I had removed my robots.txt by mistake during a CMS update. Suddenly, I had close to 4,000 additional indexable pages (for a total of 5,163), between pagination, dates, tags (with one or two duplicates, or pagination), old URLs that did not mean anything any more‚Ä¶ A large number of URLs were duplicated with and without the .html suffix, and many articles included links to such URLs.
My first crawl uncovered quite a few pieces of interesting information: more than 600 duplicate H1, more than 1,800 missing or duplicate descriptions, duplicate Title tags, loads of HTTP 404 errors, a few HTTP 500 errors, and over 100 HTTP 301 redirections that could easily be avoided.
What actions did you take?
I started correcting problems in April, and finished in September.
First, I put the robots.txt back online, and started a new crawl to see the difference it made. It was much better already, I was all set to start working on the rest.

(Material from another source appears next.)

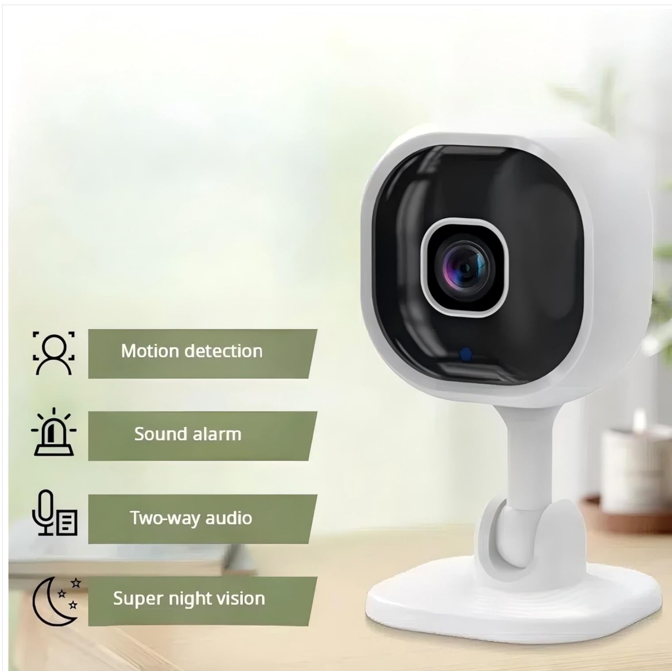
Figure 1: JolyWell Baby Monitor highlighting key features such as motion detection, sound alarm, two-way audio, and super night vision.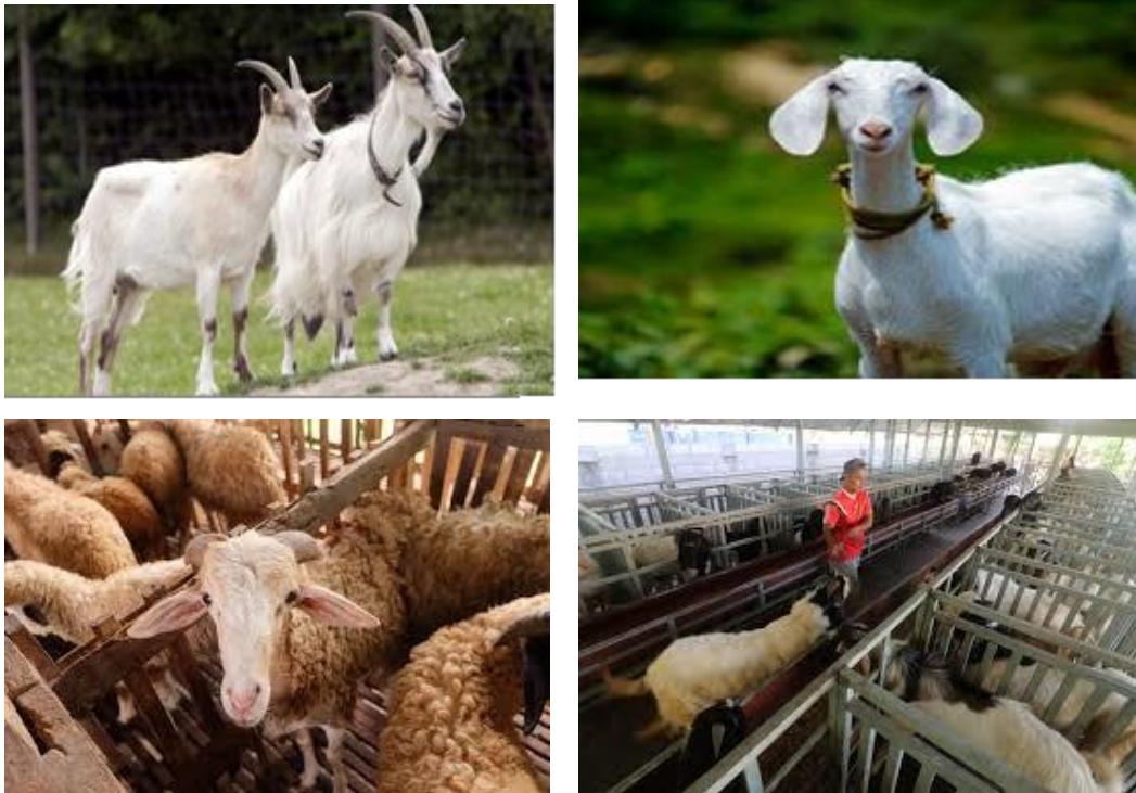
Figure 3, 4, 5 & 6. Goats that will be aqiqah

The implementation of aqiqah also shows variations in the form of implementation. In rural areas, aqiqah is usually carried out simply by slaughtering directly at home and distributing raw meat to neighbors and the poor. Meanwhile, in urban areas, this practice began to shift along with the emergence of professional aqiqah services. These institutions offer a complete package ranging from slaughter, processing, to delivery of ready-to-eat food [32]. This phenomenon shows the adaptation of Muslims to the demands of modern life, but at the same time presents a new challenge to legal awareness and sincerity of intention in worship [33].

I used the URL Explorer to identify all duplicate URLs. My blogging tool is quite old and has evolved significantly over time. My permalinks formats changed three times in eight years: /yyyy/mm/dd/post-slug, /post-slug then /post-slug.html. I used the exported data to update old links (using scripts, I did not do this manually!). I also added a few 301 redirections at the server level, so that external links could find their way to my website, and a few HTTP 410 (Gone) for pages that did not exist any more.

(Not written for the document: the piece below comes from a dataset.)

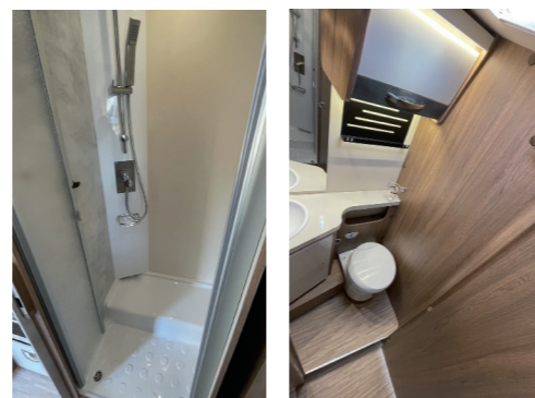
Shower room and washroom straddle the corridor

Everything you need is here, from the Truma Combi 6E hot water and blown air heating to 100l fresh and waste water tanks. You'll find plenty of ceiling and ambient strip lighting and central locking that includes the habitation door. You might appreciate the lower-set gas locker when it comes to getting cylinders in and out. Ditto for the easy-pull dump valve for the waste water.

I also took the decision to deindex all pagination, category pages (merged with tag pages) and tags. I thought I could afford to do this as my internal linking is built using an in-house plugin based on tag usage and words in common in articles. This did not seem to have the expected result, as traffic started decreasing slightly in May.

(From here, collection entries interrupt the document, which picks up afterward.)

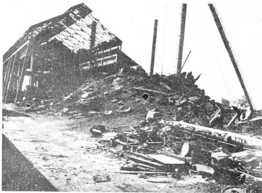
1. Destruction and loss in the wake of Israel's air raid on the National Metal Products Factory near Cairo.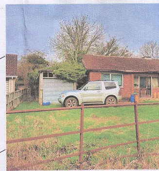
front elevation of garage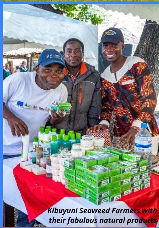
Kibuyuni Seaweed Farmers with their fabulous natural products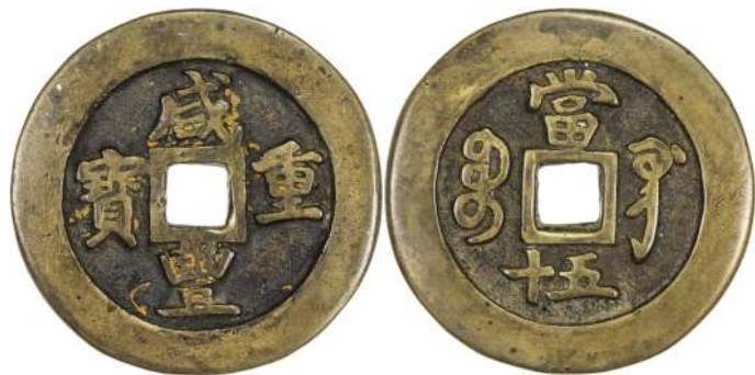
1751. QING: Xian Feng , 1851-1861, AE 50 cash, Gongchang mint, Gansu Province, H-22.808, Cr-14-4, 49mm, straight gong in Manchu script, cast 1854-57, brass ( huáng tóng ) color, VF $75 - 100

And then, I started another crawl!
In September, I set myself to work on another important problem: internal linking and duplicate / overmultiplication of tags. There were a large number of tags duplicated between French and English, singular / plural, and similar semantics. I exported the URL list and was able to remove a significant amount of duplicates. This improved the blog’s internal linking as my “related articles” plugin is based on tags. Unfortunately, there is still much to do on this front. My last crawl shows that there are still isolated pages I need to work on.
What results did you get?
Two interesting results.
First, raw organic traffic increased: it is today 60% higher than it was a year ago. Here’s how organic visits from Google evolved since the beginning of 2014, compared to the same period the previous year:
The peak in January 2013 is due to a post of Java and security, published the day a vulnerability that generated a lot of talk was disclosed. Initially, this post was targeted at social networks, but it also yielded great results from Google searches, which I didn’t expect.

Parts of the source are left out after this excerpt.